Fig. 2: The crystal structure of vGalDH.
figure 2

a Closed-up view of substrate binding. L-galactono-1,4-lactone is shown with cyan carbons together with the polder omit map, calculated by excluding the ligand and countered at 3.5 σ48. Hydrogen bonds are represented in light blue. b A gating loop (residues 337-344) moves upon substrate binding. The conformation of the unligated structure is shown in orange whereas the substrate-bound conformation is in purple. The flavin and substrate carbons are yellow and cyan, respectively. c Closure of the gating loop constricts the access to the active site and creates the catalytic cavity in front of the flavin. The surface of the cleft at the domain interface is shown in purple. d Proposed mechanism for substrate oxidation in the aldonolactone oxidoreductases with reference to vGalDH. The substrate 2-alkoxide anion is stabilized by the interaction with the Arg388-Lys456 pair. The C2 carbon transfers a hydride anion to the flavin, producing the 1,2-diketo form of ascorbic acid. The reduced flavin will be re-oxidized by oxygen in GULO and ALO or cytochrome c in GalDH (Fig. 1a). Arg388 and Lys456 are conserved among aldonolactone oxidoreductases (Supplementary Table 4).

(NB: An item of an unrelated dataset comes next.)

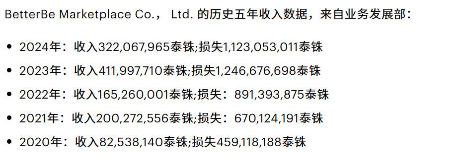 但从结果来看,这一转型并未改变平台的盈利能力。根据公开数据,BetterBe在2020年至2024年持续亏损,累计亏损约43.91亿泰铢(约合人民币9.8亿元),其中2024年营收仅约3.22亿泰铢,却亏损达11.23亿泰铢。

L-Gulono-1,4-lactone oxidases have less stringent substrate preferences

We next investigated the animal branch of aldonolactone oxidoreductase evolution by resurrecting GULOs from chordata, tetrapods, jawed vertebrates, and mammals (Fig. 1b). The Escherichia coli-expressed recombinant enzymes needed detergents for extraction and purification implying that they are membrane-associated. Sequence analyses did not clearly indicate which residues are involved in the membrane association. Nevertheless, AlphaFold predicts a low confidence region (residue 241 to 256) that might be involved in membrane interaction. SDS-PAGE and subsequent in-gel flavin fluorescence analysis confirmed that, differently from GalDHs, the FAD is covalently bound in all obtained proteins (Supplementary Fig. 4B, C). All four proteins displayed pronounced thermal stabilities with melting temperatures ranging from 66 °C for mGULO to 80 °C for cGULO (Supplementary Table 1). The activities of ancient GULOs towards the physiological substrate, L-gulono-1,4-lactone were investigated. Monitoring oxygen consumption, kcat values in the range 1-8 s−1 were found for all ancestral enzymes whereas KM values in the sub-millimolar range were measured for mGULO and tGULO (Table 1 and Supplementary Table 2). We further observed that also L-galactono-1,4-lactone (i.e.: GalDH substrate; Fig. 1A) and D-arabino-1,4-lactone (ALO substrate) are effectively oxidized with catalytic efficiencies comparable to those measured for L-gulono-1,4-lactone. We conclude that GULOs feature only a minimal preference for L-gulono-1,4-lactone over L-galactono-1,4-lactone as opposed to pronounced selectivity exhibited by GalDHs.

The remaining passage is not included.